The archived report, titled What NIJ Research Tells Us About Domestic Terrorism, disappeared from the DOJ website sometime between September 11 and 12, according to investigative journalist Jason Paladino, who first uncovered the story. Kirk, the 31-year-old founder of Turning Point USA and a close ally of Donald Trump, was shot and killed while speaking at Utah Valley University on September 10.
The report began with a stark finding: “Since 1990, far-right extremists have committed far more ideologically motivated homicides than far-left or radical Islamist extremists, including 227 events that took more than 520 lives. In this same period, far-left extremists committed 42 ideologically motivated attacks that took 78 lives.”
Tyler Robinson, 22, has been charged with Kirk’s murder, and prosecutors have announced they will seek the death penalty. Despite the NIJ report’s conclusions, Trump and other Republicans have pointed the finger at “radical left” groups for the shooting.
The National Institute of Justice study was built on decades of research and is one of the most extensive government analyses of domestic terrorism trends. It concluded that “militant, nationalistic, white supremacist violent extremism has increased in the United States” and that “the number of far-right attacks continues to outpace all other types of terrorism and domestic violent extremism.”
Where the report once appeared, the DOJ now says it is “reviewing its websites and materials in accordance with recent executive orders,” according to 404Media. The page has since been taken down entirely.
Independent findings back up the NIJ’s work. Research from the Center for Strategic and International Studies examined 893 terrorist plots between 1994 and 2020 and concluded: “Rightwing attacks and plots account for the majority of all terrorist incidents in the United States since 1994.”

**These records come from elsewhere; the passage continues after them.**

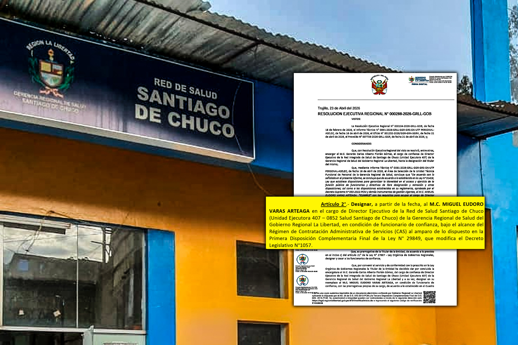 El Gobierno Regional de La Libertad designó a un nuevo director de la Red Integrada de Salud (RIS) Santiago de Chuco.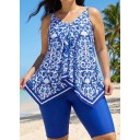 Plus Size Blue Floral Print Flowy Asymmetrical Hem Swimsuit Two Piece Long Tankini Set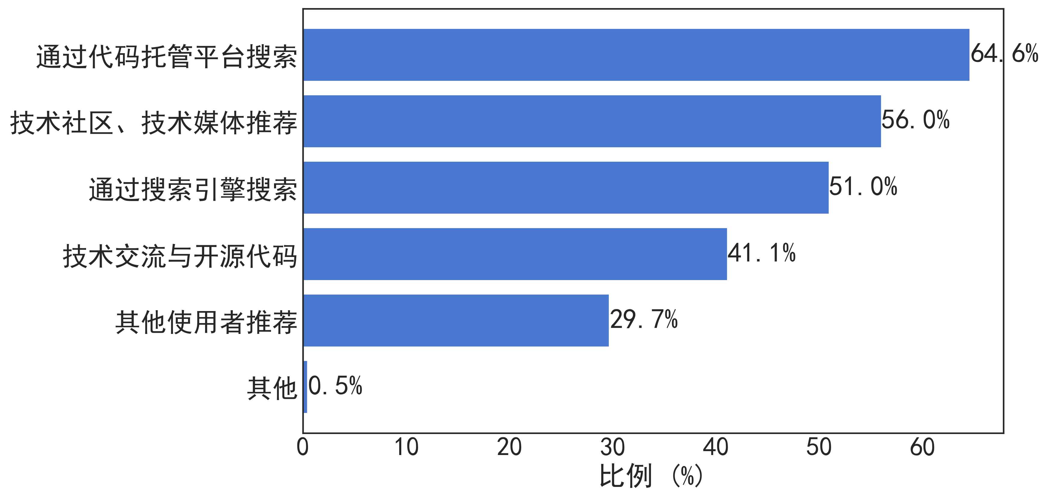 在检索开源产品时,"通过代码托管平台搜索"是最常见的发现途径,占比高达 64.6%。其次是"技术社区、技术媒体推荐",占 56.0%。"通过搜索引擎搜索"的比例为 51.0%,而"技术交流与开源代码"占 41.1%。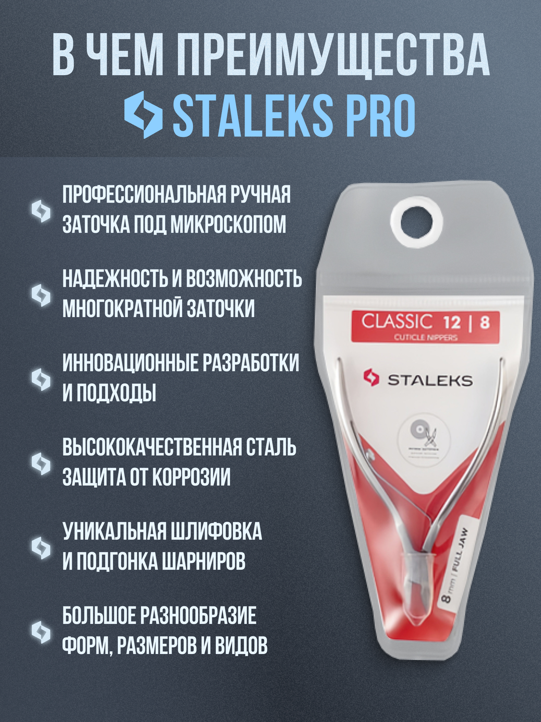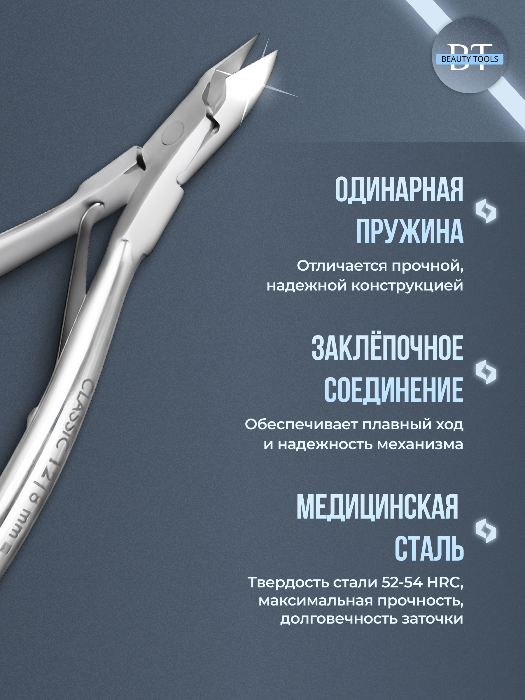 Кусачки для обработки кутикулы CLASSIC 12-8, изготовлены из высококачественной нержавеющей стали, которая длительное время не подвергается коррозии и выдерживает многократные заточки. Инструмент с одинарным типом пружины и длиной режущей кромки 8 мм устойчив ко всем видам дезинфекции и стерилизации.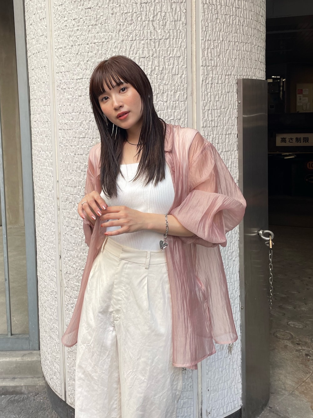 爽やか綺麗目コーデ! 【シャツ】今年も引き続きトレンドのシアーシャツ。微光沢のある素材をミックスさせており、定番ながらも他と差がつく仕上がりに。オーバーサイズで抜け感◎ 【トップス】毎年人気のタンクトップ。モチモチした生地で着心地◎二の腕が少し隠れるようなデザインなので1枚でも着やすいです。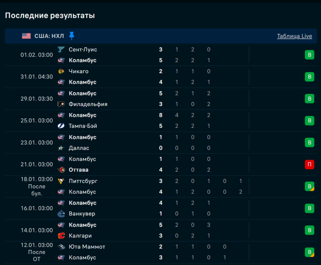 У «Коламбус Блю Джекетс» серия побед разной фактуры. С «Сент‑Луисом» 5:3 за счёт высокой эффективности, дома регулярно увозят первые периоды и без суеты закрывают концовки. На отрезке атака стабильно генерирует моменты, в большинстве стало больше тайминга, на синей уверенно подключается Веренски. Средняя результативность держится близко к 4 шайбам, а оборона реже проваливает смены.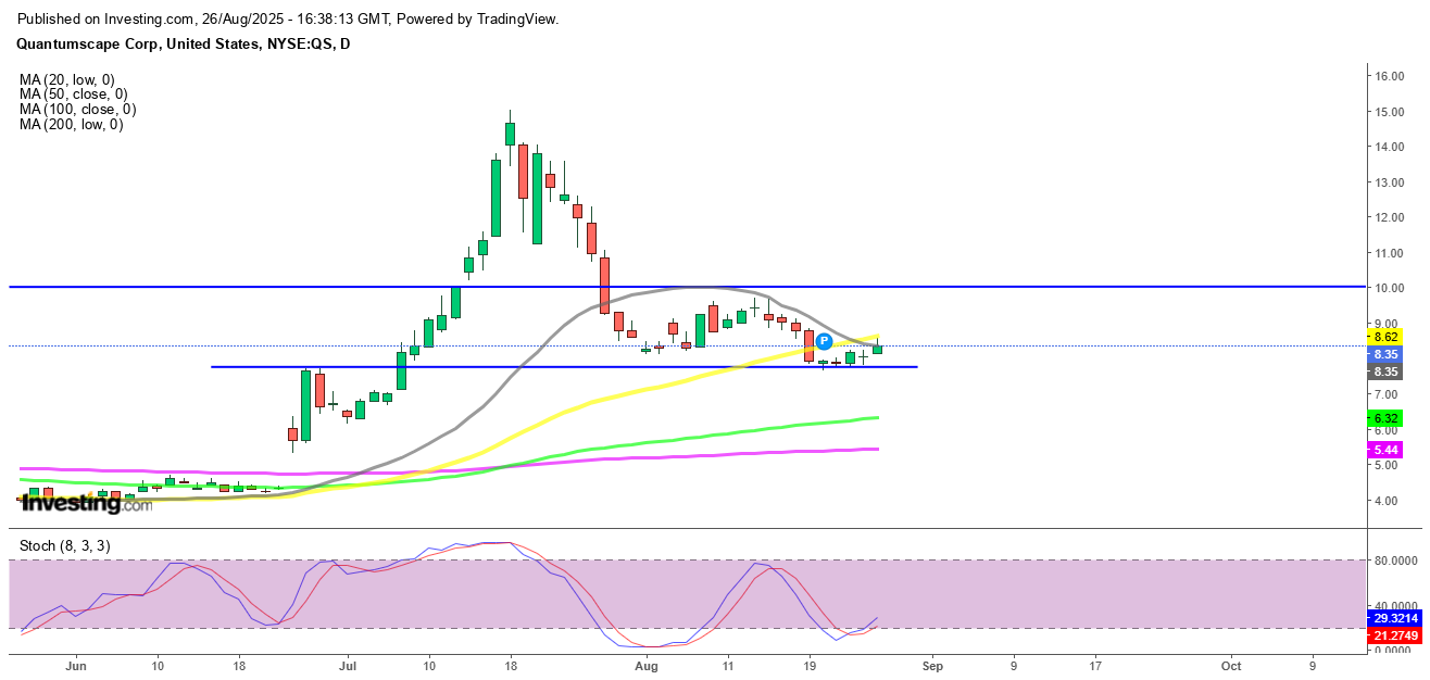 After soaring more than 350% between late June and early July—from $4.25 to nearly $15—QuantumScape quickly fell back under pressure. A failed rally attempt in early August pushed the stock below its 50-day simple moving average, while the $10 level turned into tough resistance as the 20-day SMA (gray) capped upside attempts.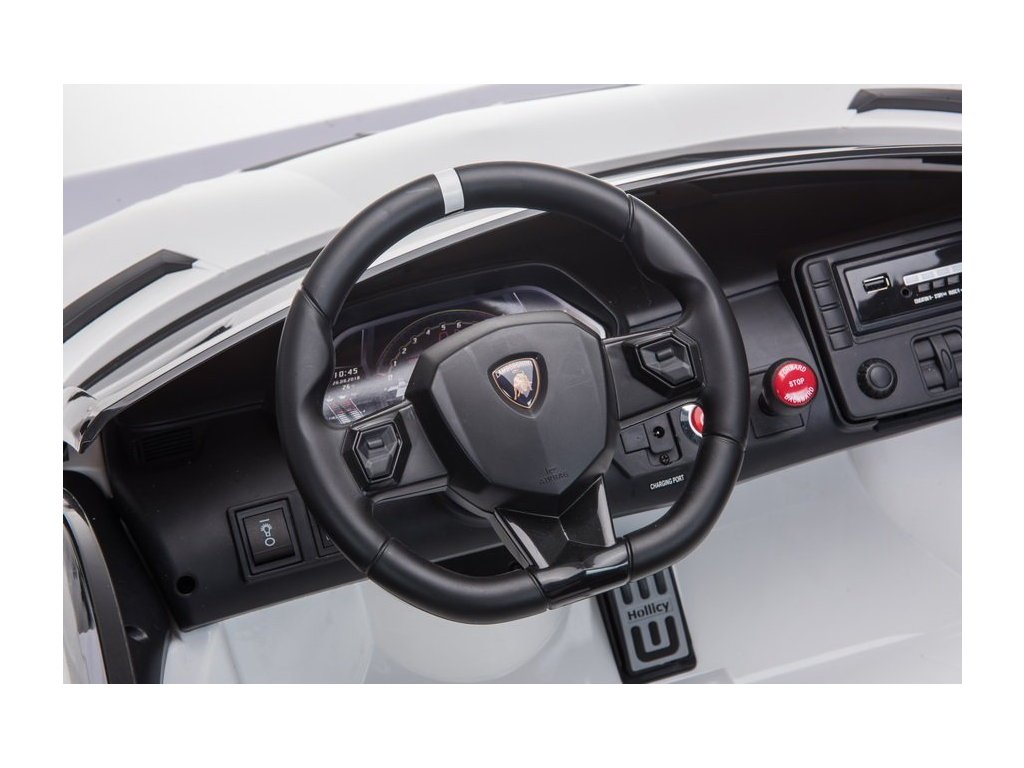 Prezentovaný vůz Lamborghini Aventador je miniaturizovanou verzí fantastického vozu a má originální licenci od automobilky Lamborghini. Díky tomu byla konstrukce vozidla postavena pouze z těch nejkvalitnějších komponentů, navíc ozdobených charakteristickým, rozpoznatelným logem. Elektrické Lamborghini Aventador je esencí spojení motorismu a sportu. Potěší oči jak dětí a pečovatelů, tak i všech kolemjdoucích.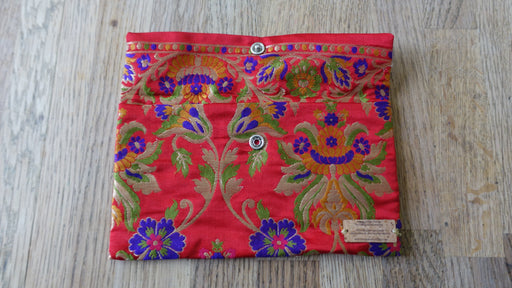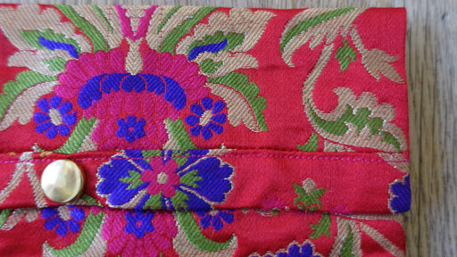 Colour : red Fabric : brocade Measurements : 11 x 19.5cm Description : this is made from reclaimed brocade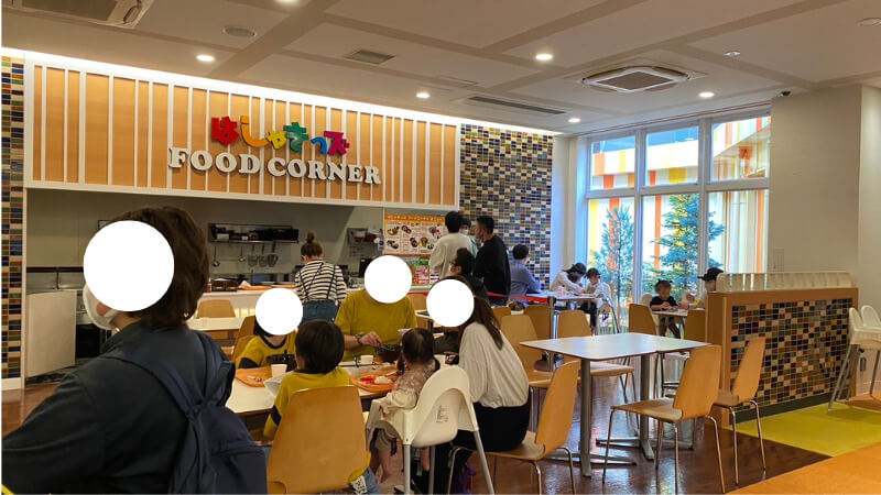 入り口から入ってすぐ右手にフードコーナーがあり、麺類、ハンバーグプレートやとんかつプレート、お子様プレートもありました。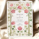Convide seus convidados em estilo eterno com este belo convite de casamento inspirado pela beleza do movimento Art Nouveau. A design apresenta uma delicada e intrincada borda de rosas rosa estilizadas e folhas verdes vindas, criando uma armação espantosa para seus detalhes de casamento. A textura macia da aquarela e a tipografia clássica evocam um senso de romance vintage e elegância artística. Perfeito para um casamento de jardim, uma celebração clássica, ou para qualquer casal com apreço pela arte histórica, este convite certamente fará uma bela primeira impressão. Um monograma personalizável no topo adiciona um toque pessoal.
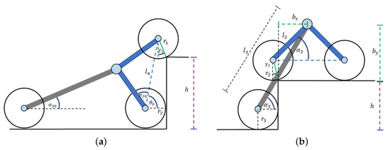 - The radius of the wheels , , and must be smaller than the parameters , , and , respectively, to avoid collisions between the wheels and parameters.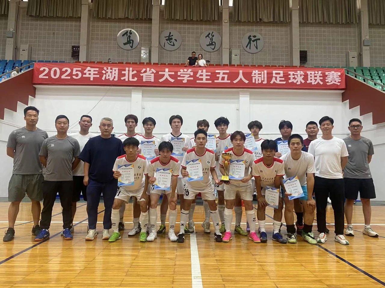 6月3日,湖北大学体育馆内呐喊震天,湖北省大学生室内五人制足球联赛决赛在此上演巅峰对决。英国beat365官方网站力克武汉商贸职业学院,勇夺该项赛事桂冠。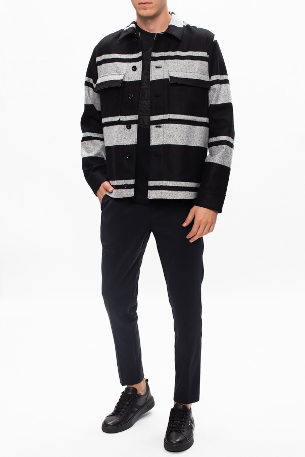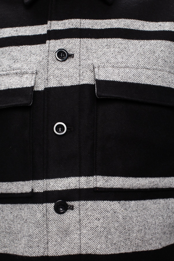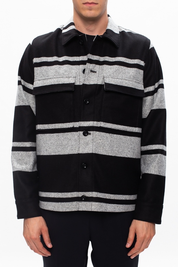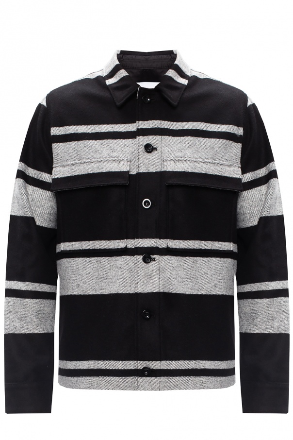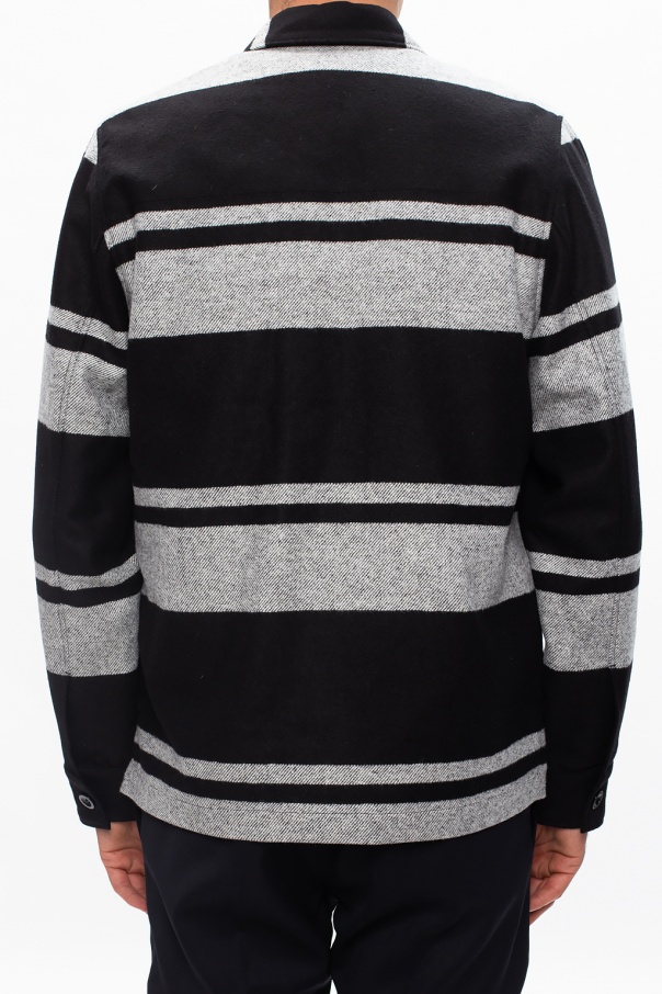 Black and grey shirt from Samsoe Samsoe. Illustrated with horizontal stripe pattern, this style fastens via buttons and employs a flap pocket on the chest.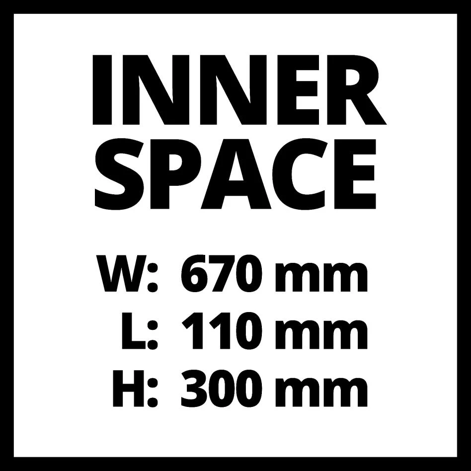 - Dimensions internes : 190 mm x 670 mm x 300 mm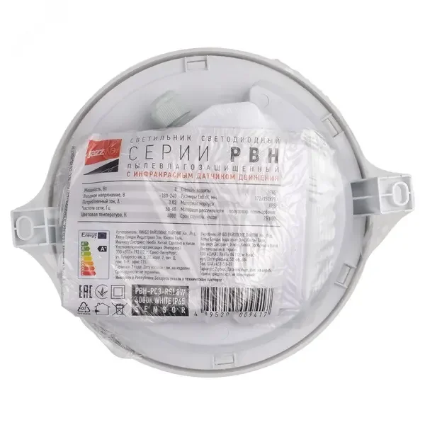 Светильник светодиодный пылевлагозащищенный с инфракрасным датчиком движения PBH-PC3-RSI Sensor 8w, 5009417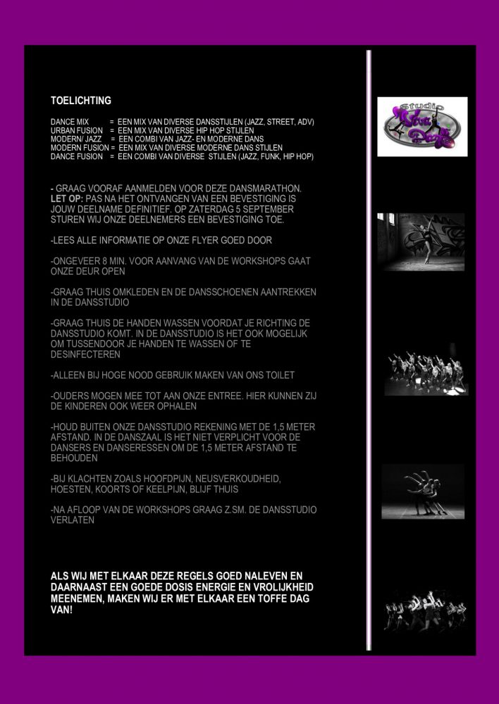 Studio Viva Dans opent 7 september a.s. weer haar deuren. Om het seizoen feestelijk te openen organiseren zij zondag 6 september een dansmarathon met diverse toffe workshops die gratis te volgen zijn voor leden EN niet leden. Je hoeft dus geen lid te zijn bij Studio Viva Dans, om toch lekker mee te kunnen dansen. Het docenten team van maar liefst 6 docenten bied diverse workshops aan vanaf 4 jaar t/m (jong) volwassenen. Diverse stijlen zoals Jazz Dans, Modern en streetdance/ Hip Hop komen aan bod. De tijden en stijlen zijn terug te vinden op de flyer.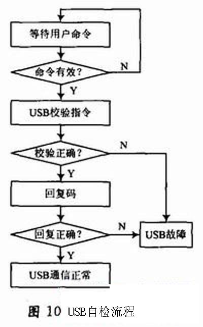 為了保證設(shè)備本身的工作正常,電纜測(cè)試系統(tǒng)提供自檢功能。自檢流程分為兩部分,第一部分對(duì)USB通道進(jìn)行自檢,USB自檢流程如圖10所示。系統(tǒng)上電后,工控機(jī)發(fā)送校驗(yàn)指令,單片機(jī)判斷校驗(yàn)碼是否正確,在校驗(yàn)碼正確的情況下,按照協(xié)議返回復(fù)碼,工控機(jī)判斷回復(fù)碼正確的情況下,USB通信建立正常。第二部分是對(duì)繼電器陣列進(jìn)行自檢,其流程與導(dǎo)通測(cè)試類(lèi)似。以測(cè)試點(diǎn)1和測(cè)試點(diǎn)2為例,首先,閉合測(cè)試點(diǎn)1的輸入繼電器,采樣測(cè)試電壓,如果系統(tǒng)判斷為斷開(kāi),則可以說(shuō)明測(cè)試點(diǎn)1的輸出繼電器沒(méi)有常閉,反之則說(shuō)明為常閉故障。把測(cè)試點(diǎn)1的輸入繼電器更換為輸出繼電器,采用同樣的方法可以判斷出測(cè)試點(diǎn)1的輸入繼電器是否為常閉故障。其次,分別打開(kāi)測(cè)試點(diǎn)1的輸入和輸出繼電器,如果系統(tǒng)判斷為導(dǎo)通,在第一步的基礎(chǔ)上就可以說(shuō)明兩個(gè)繼電器均正常;如果系統(tǒng)判斷為斷開(kāi),則兩個(gè)繼電器中至少有一個(gè)為常開(kāi)故障。最后,在外部端口上接入自檢插頭,分別選擇測(cè)試點(diǎn)1的輸入繼電器和測(cè)試點(diǎn)2的輸出繼電器,如果系統(tǒng)判斷為導(dǎo)通,則可以說(shuō)明內(nèi)部繼電器和單板到端口的引線正常,反之則說(shuō)明繼電器到測(cè)試端的引線出現(xiàn)問(wèn)題。

Heidi Beirich, executive vice-president of the Global Project Against Hate and Extremism, testified before Congress in 2023 that “data on acts of political violence clearly shows that it is the far right that is driving terrorism in the US, including targeting and, in certain cases, murdering law enforcement.” She added, “That is not to say there is no violence from far-left actors. It is just simply not on the scale or as deadly as what is coming from far-right actors.”
Kirk had turned Turning Point USA into a leading conservative youth movement and was a featured speaker at last year’s Republican National Convention. He was in the middle of a campus talk when he was shot.
The Justice Department has so far declined to comment on why the study was removed.